Religious Expression and the American Constitution. By Franklyn S. Haiman. [Rhetoric and Public Affairs Series.] (East Lansing: Michigan State University Press. 2003. Pp. x, 254. Paperback.)

Franklyn Haiman begins by declaring that he is an agnostic and neutral on matters of religious faith (p. ix). The remaining five paragraphs of the preface, however, reveal Haiman to be something different. Indeed, it is fair to describe him as a secular fundamentalist who would depreciate religion and dismiss it as an irrational phenomenon that has no legitimacy in the world of public policy or law. Religion has given rise to horrible evils, Haiman avers, from Osama bin Laden to the Ku Klux Klan. Even in its milder forms, it has cultivated "dogmatic self-righteousness" (p. ix) and led to great crimes. The Crusades, the Inquisition, the sixteenth-century religious wars between Protestants and Catholics, and the twentieth-century terror campaigns in northern Ireland are ritually condemned in a single breath-taking paragraph (pp. ix–x).

A believer might respond to this astonishing screed on at least three levels. One might point out the lack of balance in Haiman's polemic: the vast majority of the truly monstrous crimes against humanity of the last two centuries have been committed in the name of irreligion, atheism, modernity, and the secular state. From the French Revolution's Reign of Terror to Stalinism, Nazism, and Maoism, the mass murders and genocides of the last two hundred years have been almost exclusively the work product of secularists.

A second response might be to argue that the great religions have embedded within themselves an ethic of love. To take Christianity: Jesus Christ called his followers to be peace-makers; to be humble; to love their neighbors without limit; and to be prepared to lay down their lives in obedience to these commands should such be demanded of them.

A third answer, finally, is to consider the soundness of Haiman's thesis, which purports to be an historical justification for a secular fundamentalist reading of the constitutional tradition.

In chapter one, entitled "Historical Background," Haiman contrasts Christianity with other faiths. The ancient world was filled with a rich diversity of religious experience, such as Buddhism, Confucianism, and Shintoism. Haiman, however, wishes to consider only Christianity's relationship to political power. Again, he presents a deformed caricature, a travesty of a rich and complex history. Haiman introduces the life and ministry of Jesus Christ by stating: "The books of the New Testament . . . planted seeds for the centuries of anti-Semitism that followed . . ." (p. 2). Christianity's claim to be "the only 'true religion,'" led to further pogroms against Jews (p. 10). When Islam appeared on the scene, yet more warfare ensued. Eventually, Christians brought their genocidal ways to the New World eradicating Native American cultures and peoples.

No doubt, Christians justified anti-Semitism by reference to the Gospel and Conquistadores committed many depredations in the New World. But Haiman's lack of balance, again, astonishes. Haiman has no desire to present an historically [End Page 859] accurate account of Christianity's relationship with political power or the larger non-Christian world. His intent, rather, is crude and obvious: he wishes to denounce Christianity, thus justifying a militantly secular interpretation of the Constitution.

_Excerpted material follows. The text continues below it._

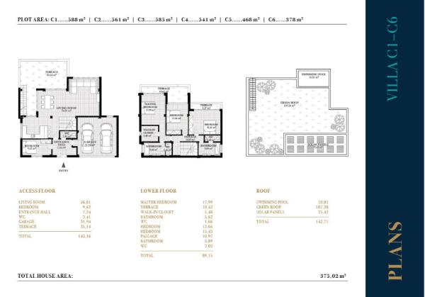 Виллы предлагают более 200 м² жилой площади, распределенной на двух надземных этажах, нижнем этаже и террасе для солнечных ванн с панорамным видом на море и горы. На первом этаже находится прихожая с выходом в гараж, просторная гостиная-столовая с открытой кухней, выход на основную террасу, спальня и гостевой санузел. На втором этаже расположены 3 спальни с двуспальными кроватями и 2 ванные комнаты (одна из которых с собственной ванной). Главная спальня оборудована просторной гардеробной и имеет доступ к частной террасе площадью от 10 до 20 м², к которой также имеет доступ вторая спальня. Все комнаты имеют большие окна с видом на море и горы.
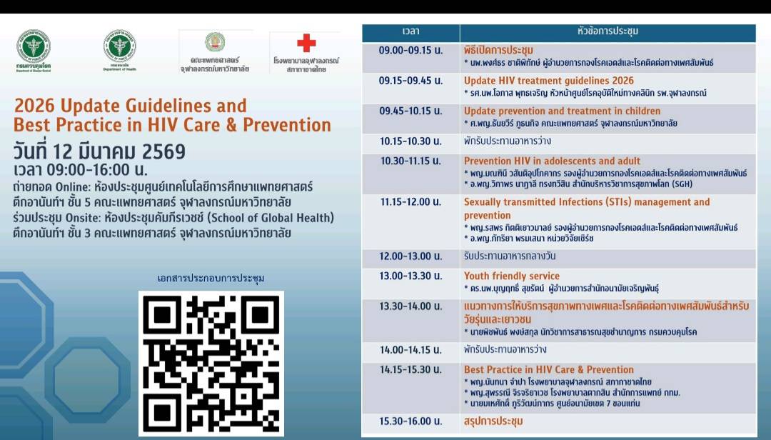 12 มีนาคม 2569 , 09:00 - 16:00 น. คณะแพทยศาสตร์ จุฬาลงกรณ์มหาวิทยาลัย

Haiman's larger constitutional claims are riddled with inaccuracies and anachronisms. One might take his account of the origins of the Constitution and the First Amendment. "'Christian America' advocates," Haiman asserts, like to point to the Christian influence still felt by the many European settlers who came to North America in the seventeenth and eighteenth centuries (p. 8). While these advocates for a Christian America also point to the religious establishments found in many of the thirteen colonies, they fail to appreciate that Christianity had no role to play in "the creation of the United States" (p. 8) (emphasis in original). Thus, Haiman implies, the Constitution was meant to embody secular values and should be so interpreted today.

Haiman, however, glosses over the real history of the relationship of religion and the formation of the United States. He ignores the plain purpose of the Constitution, which...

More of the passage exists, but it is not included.